APELADO: FUNDAÇÃO JORGE DUPRAT FIGUEIREDO DE SEG E MEDICINA DO TRABALHO
E M E N T A
DIREITO ADMINISTRATIVO. CESSÃO DE SERVIDOR PÚBLICO. REEMBOLSO DE DESPESAS PELO ENTE CESSIONÁRIO AO CEDENTE. RESPONSABILIDADE DO CESSIONÁRIO. POSSE E EXERCÍCIO. PUBLICAÇÃO NO DIÁRIO OFICIAL. EFEITOS JURÍDICOS. PUBLICAÇÃO. ARTIGO 37, “CAPUT”, CF. LEI 8.112/1990.
1. Para efeito de reembolso de remuneração e encargos legais, o termo inicial a ser considerado é a data do ato de designação do servidor cedido ao cargo em comissão no ente cessionário, mediante nomeação, posse e exercício, em 19/08/2014, a partir da publicação no diário oficial.
2. À época dos fatos, a cessão, no âmbito do Poder Executivo Federal, incluídas empresas públicas e sociedades de economia mista, era disciplinada pelo Decreto 4.050/2001, revogado pelo Decreto 9.144/2017 e este pelo Decreto 10.835/2021 que, na mesma linha dos anteriores, mantém a transferência dos encargos remuneratórios ao órgão cessionário, o que, à luz dos artigos 15, § 4º e artigo 93, § 3º, da Lei 8.112/1990, somente pode ocorrer a partir do efetivo exercício da função ou cargo, formalidade essencial para desvincular o servidor da entidade de origem para outra, ainda que em regime de cessão.
3. Eventual liberalidade da autora em ceder servidor antes da própria nomeação, posse e exercício, ainda que o fato estivesse comprovado, não gera direito ao reembolso.

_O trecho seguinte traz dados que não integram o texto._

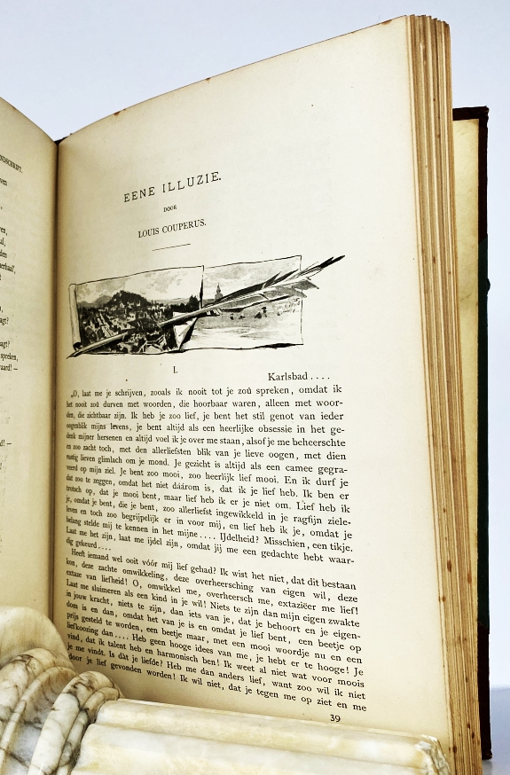 9. COUPERUS, Louis ‘Eene illuzie’. Pag. 585-613 in deel I van Elsevier’s Geïllustreerd Maandschrift, (1891). Amsterdam, Uitgevers-Maatschappij Elsevier, 1891. Originele halflinnen band met hoeken. (4), 644 p. Rijk geïllustreerd. 1e druk. Wat slijtageplekjes op de band; wat roest, vooral rond p. 220.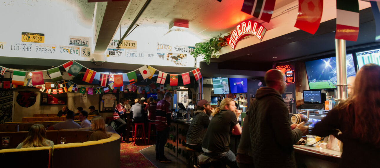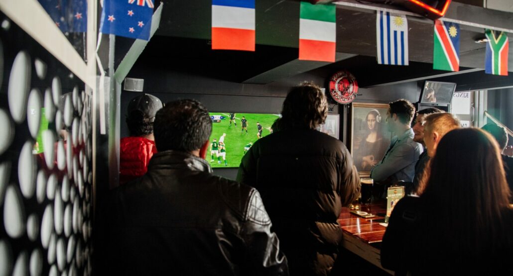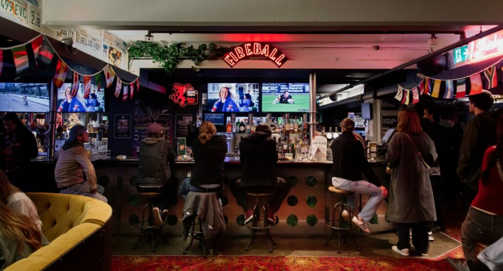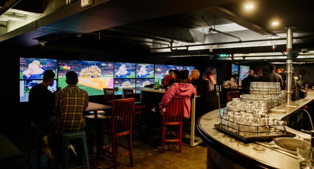 10+ strong TV wall, with direct bar access.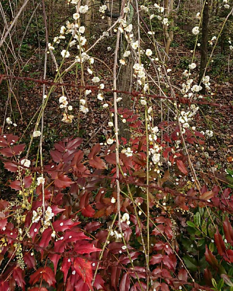 ヒイラギナンテンの赤い葉の上に垂れ梅の白い梅が綺麗です🎶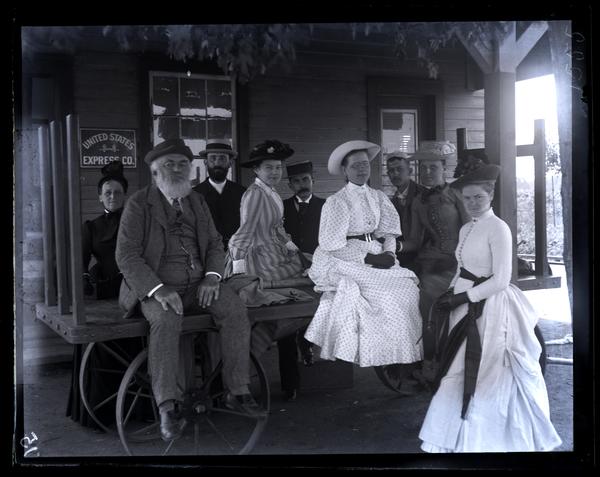 Glass negative showing Mr. Price, Eli Price, Fred Baker, Gertrude Mellor, and Whitall Nicholson, and Marriott C. Morris' mother Martha Canby Morris, sister Elizabeth Canby Morris, third cousin Ellen Morris, and possibly his third cousin Helen Campbell Morris, posed on the platform at a train station. They sit and stand in front of a building with a sign that reads, "United States Express Co." The women wear long patterened dresses and hats while the men wear three-piece suits and hats.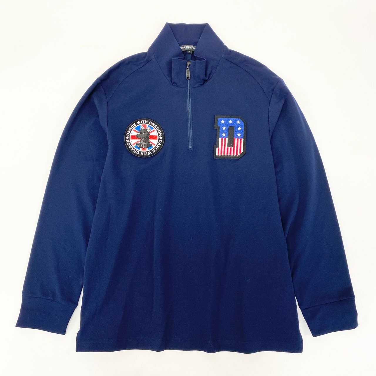 DANCE WITH DRAGON(ダンスウィズドラゴン)のハーフジップ長袖シャツ。ミッドナイトネイビーのボディに、星条旗モチーフの「D」ワッペンとブランドロゴパッチが映えるスポーティなデザインです。マットな質感のポリエステル混素材で、軽量かつ伸縮性に優れ、快適な着心地を実現。襟元のジップで温度調整がしやすく、秋冬のラウンドや練習にも最適な一枚です。

O período assim eventualmente não trabalhado junto à autora ou eventualmente trabalhado junto à ré, por resultar de liberalidade da própria cedente, por esta deve ser suportado, e não pela cessionária, que observou a legislação quanto à responsabilidade decorrente da cessão do servidor.
4. Perde sentido, pois, a tese da vedação do enriquecimento sem causa da ré, princípio geral de direito constante do artigo 884 do CC, uma vez que quem deu causa à situação narrada foi a própria cessionária, conforme consta dos autos, ainda que por liberalidade.
5. Apelação desprovida.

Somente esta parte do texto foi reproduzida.